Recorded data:
::::::

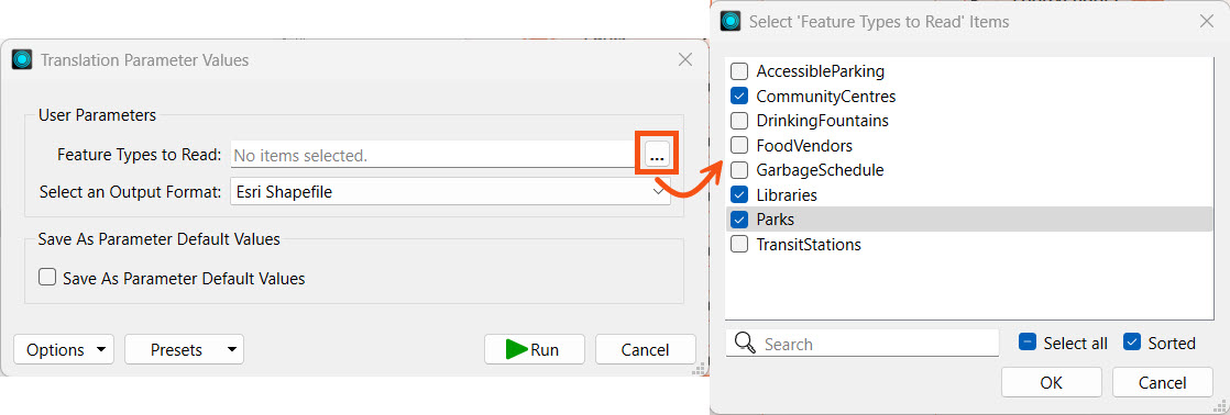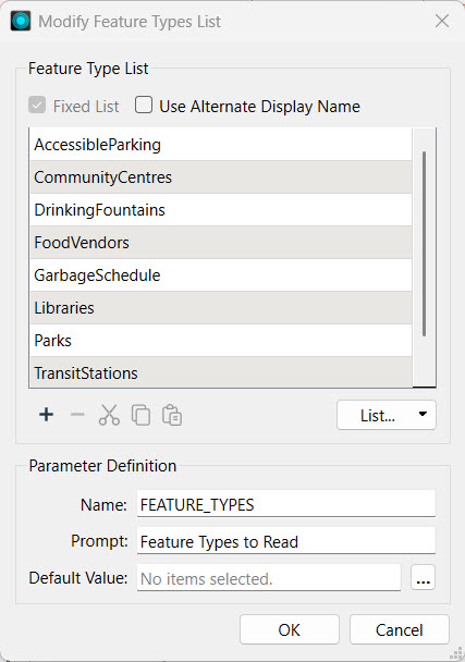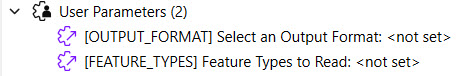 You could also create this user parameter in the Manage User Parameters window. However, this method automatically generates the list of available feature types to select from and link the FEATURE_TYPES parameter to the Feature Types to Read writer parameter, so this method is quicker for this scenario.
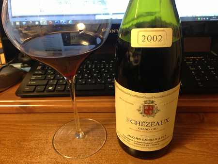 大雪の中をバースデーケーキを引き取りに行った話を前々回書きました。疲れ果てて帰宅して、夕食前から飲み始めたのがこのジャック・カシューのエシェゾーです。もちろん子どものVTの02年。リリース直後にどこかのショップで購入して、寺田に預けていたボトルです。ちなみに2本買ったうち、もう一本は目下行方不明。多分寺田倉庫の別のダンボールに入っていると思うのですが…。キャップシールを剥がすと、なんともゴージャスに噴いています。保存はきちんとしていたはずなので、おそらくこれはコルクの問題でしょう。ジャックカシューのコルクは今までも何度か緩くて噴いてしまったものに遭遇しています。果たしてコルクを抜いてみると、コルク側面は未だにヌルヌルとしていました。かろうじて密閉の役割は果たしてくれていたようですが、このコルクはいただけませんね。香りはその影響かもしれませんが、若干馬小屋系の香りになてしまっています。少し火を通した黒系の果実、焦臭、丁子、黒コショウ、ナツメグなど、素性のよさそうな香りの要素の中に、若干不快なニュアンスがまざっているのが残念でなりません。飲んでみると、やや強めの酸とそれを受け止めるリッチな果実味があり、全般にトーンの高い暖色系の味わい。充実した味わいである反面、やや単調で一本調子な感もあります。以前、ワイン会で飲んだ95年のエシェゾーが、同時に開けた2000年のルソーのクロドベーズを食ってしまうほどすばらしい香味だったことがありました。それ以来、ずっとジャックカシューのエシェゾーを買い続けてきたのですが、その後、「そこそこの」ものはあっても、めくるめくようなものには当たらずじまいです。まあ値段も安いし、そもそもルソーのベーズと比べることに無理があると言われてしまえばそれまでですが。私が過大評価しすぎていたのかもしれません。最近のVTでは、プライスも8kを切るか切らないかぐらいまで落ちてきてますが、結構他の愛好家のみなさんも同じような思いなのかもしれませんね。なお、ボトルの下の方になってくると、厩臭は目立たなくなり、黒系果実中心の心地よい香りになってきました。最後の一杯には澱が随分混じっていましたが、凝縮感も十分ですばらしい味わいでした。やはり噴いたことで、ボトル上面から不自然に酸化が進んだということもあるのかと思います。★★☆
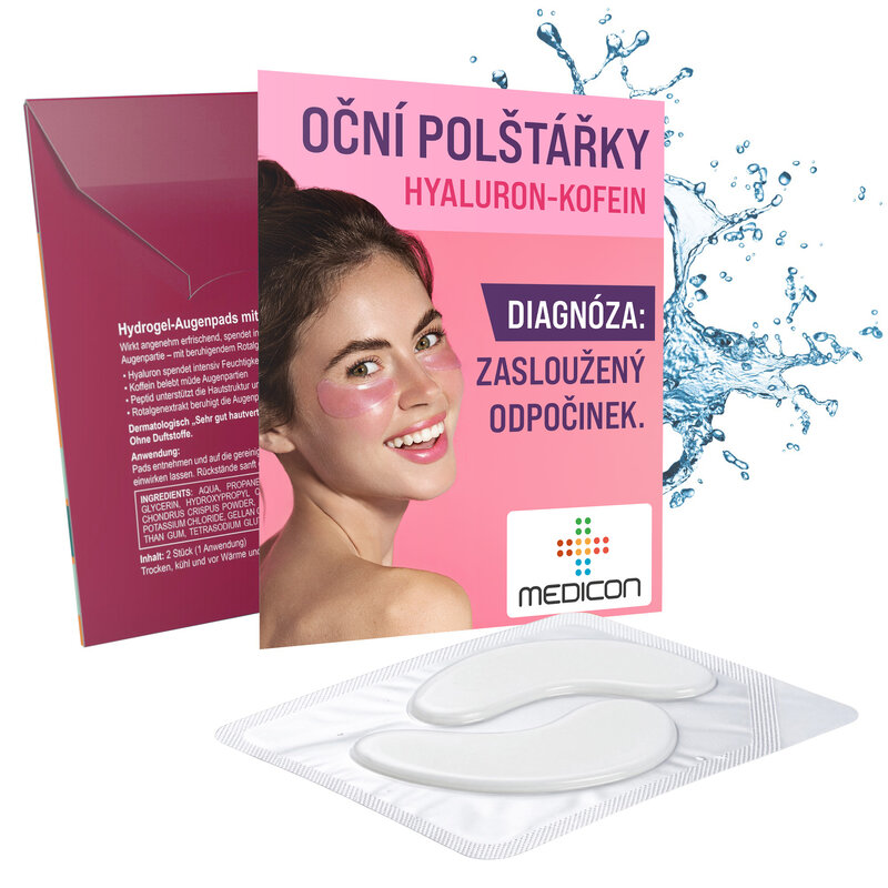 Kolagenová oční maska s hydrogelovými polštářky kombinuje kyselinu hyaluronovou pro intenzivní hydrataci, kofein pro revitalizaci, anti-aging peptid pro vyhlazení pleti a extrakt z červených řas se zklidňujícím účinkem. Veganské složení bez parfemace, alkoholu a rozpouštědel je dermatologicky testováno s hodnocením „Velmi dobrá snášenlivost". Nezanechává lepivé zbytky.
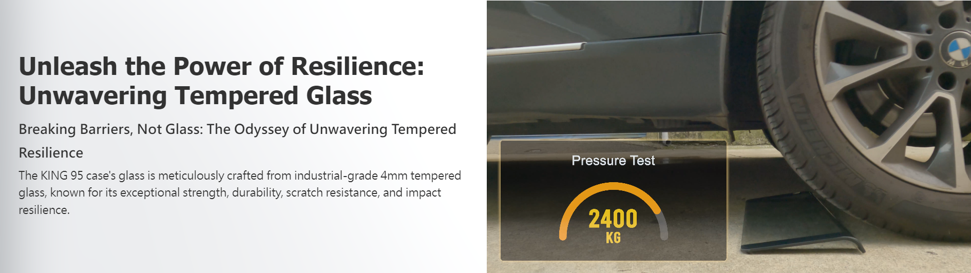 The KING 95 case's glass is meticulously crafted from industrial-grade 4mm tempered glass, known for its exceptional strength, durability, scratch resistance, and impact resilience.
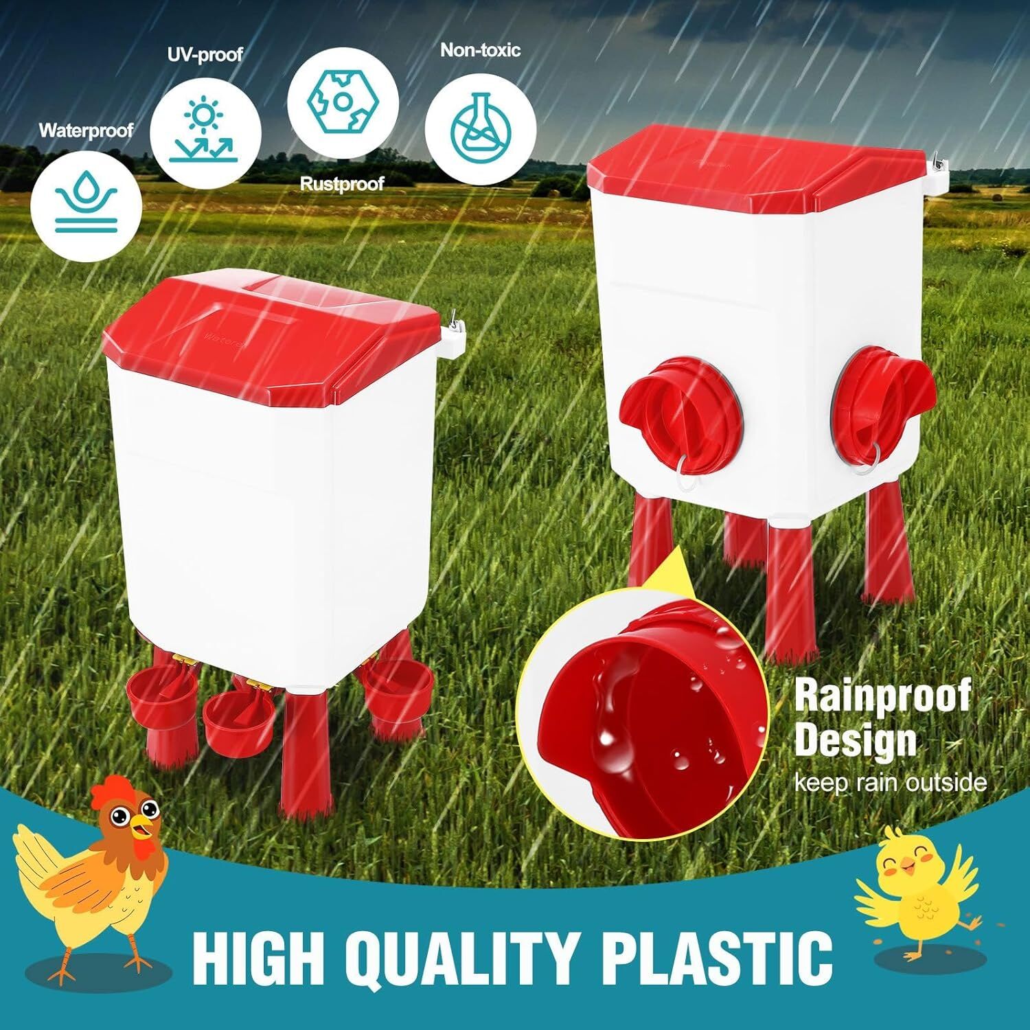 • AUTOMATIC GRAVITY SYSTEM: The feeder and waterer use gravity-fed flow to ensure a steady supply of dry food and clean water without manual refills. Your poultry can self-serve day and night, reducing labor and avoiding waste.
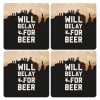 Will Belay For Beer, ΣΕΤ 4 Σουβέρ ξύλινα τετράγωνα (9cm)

::::::

TASK ITEM. In the records above, transcribe exactly the lines from the one containing "Kolagenová oční maska" through the last line, both included, and skip the pictures.

RESPONSE.
 Kolagenová oční maska s hydrogelovými polštářky kombinuje kyselinu hyaluronovou pro intenzivní hydrataci, kofein pro revitalizaci, anti-aging peptid pro vyhlazení pleti a extrakt z červených řas se zklidňujícím účinkem. Veganské složení bez parfemace, alkoholu a rozpouštědel je dermatologicky testováno s hodnocením „Velmi dobrá snášenlivost". Nezanechává lepivé zbytky.
 The KING 95 case's glass is meticulously crafted from industrial-grade 4mm tempered glass, known for its exceptional strength, durability, scratch resistance, and impact resilience.
 • AUTOMATIC GRAVITY SYSTEM: The feeder and waterer use gravity-fed flow to ensure a steady supply of dry food and clean water without manual refills. Your poultry can self-serve day and night, reducing labor and avoiding waste.
 Will Belay For Beer, ΣΕΤ 4 Σουβέρ ξύλινα τετράγωνα (9cm)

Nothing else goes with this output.